Personally, the crispy pasta on the top is the best bit!

  • Enough pasta for one (about 1/2 cup American)
  • 1/2 onion, chopped finely
  • 2 frankfurters, chopped
  • 2 lumps frozen spinach, thawed
  • 1/2 tin chopped tomatoes
  • 2 cloves garlic, chopped finely
  • A few mushrooms
  • 20g cheese (I used cheddar)
  • 1 slice of stale bread, made into breadcrumbs (optional)
  • A little olive oil
  • Sprinkling of oregano and parsley
  1. Preheat the oven to about 180 degrees celsius. 
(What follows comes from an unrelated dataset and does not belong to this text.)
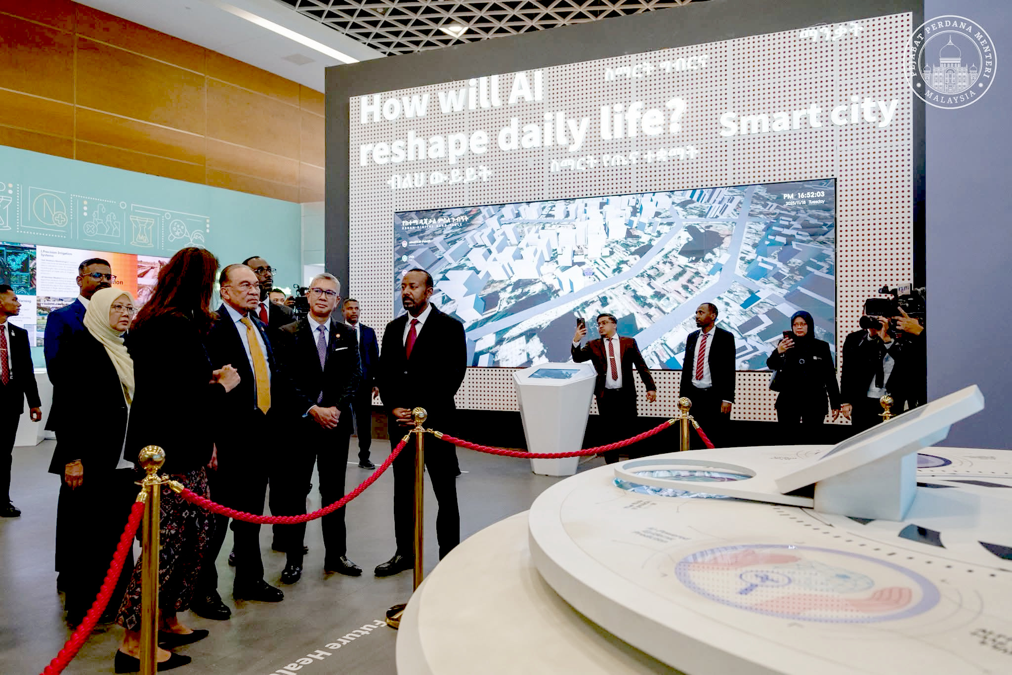 எத்தியோப்பியா நாட்டில் அடியெடுத்து வைத்தவுடன், அந்நாட்டு பிரதமர் டாக்டர் அபி அஹ்மத் அலி அவர்கள், மலேசிய பிரதிநிதி குழுவை நேரடியாக வழிநடத்தி எத்தியோப்பியா அறிவியல் அருங்காட்சியகம் நோக்கி அழைத்துச் சென்றார். அங்கு, அந்நாட்டு அரசாங்கத்தின் தலைமையில் வேகமாக வளர்ந்து வரும் தொழில்நுட்ப மற்றும் செயற்கை நுண்ணறிவு (AI) துறையின் முன்னேற்ற வரலாறு விரிவாகக் காட்சிப்படுத்தப்பட்டிருந்தது.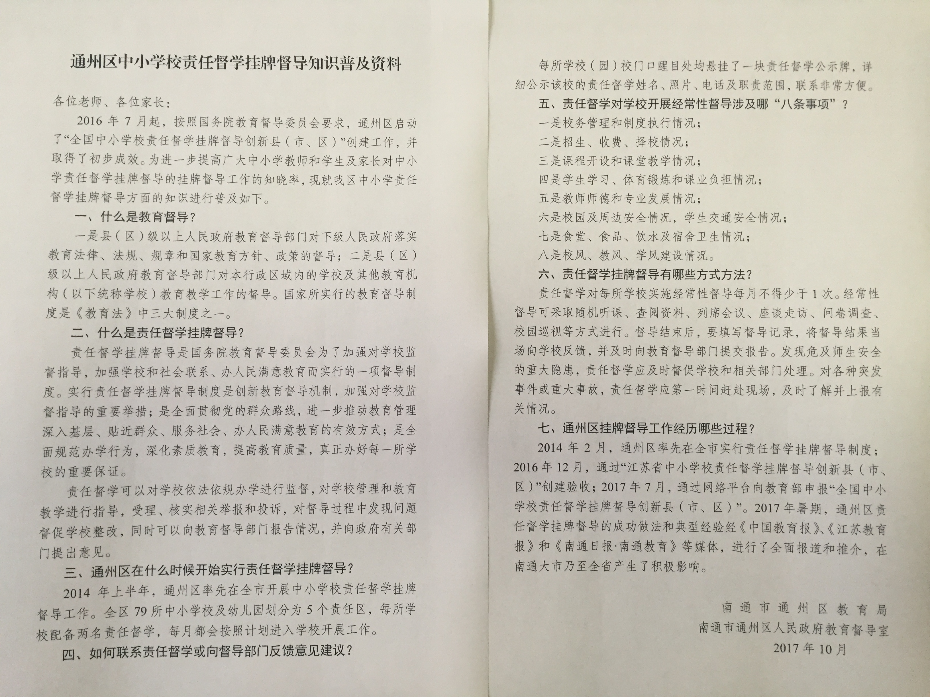 为进一步提高广大中小学教师和学生及家长对中小学责任督学挂牌督导的挂牌督导工作的知晓率、参与度,区政府教育督导室在副区长、总督学樊小燕直接关心与指导下,就我区中小学责任督学挂牌督导方面的知识进行普及。

  2. Heat the oil in a frying pan and fry the onions until soft. Add the garlic.
  3. Meanwhile heat some salted water in a pan. When boiling, add the pasta.
  4. Add the chopped sausages and mushrooms to the onion and sauté for a few minutes.
  5. Add half the chopped tomatoes to the onion and sausage mix, along with the  spinach. Sprinkle over the herbs.
  6. Check on the pasta. If it’s done, drain and put back in the pan.
  7. When the spinach is hot, add the frankfurter sauce to the pasta and mix well. Transfer to an oven proof dish and grate the cheese over the top. If using, add the breadcrumbs – I find this adds a nice alternative texture to the soft pasta and the sloppy sauce.
  8. Put in the oven and wait until the cheese has melted (about 5 minutes). Take out and demolish. Nom nom.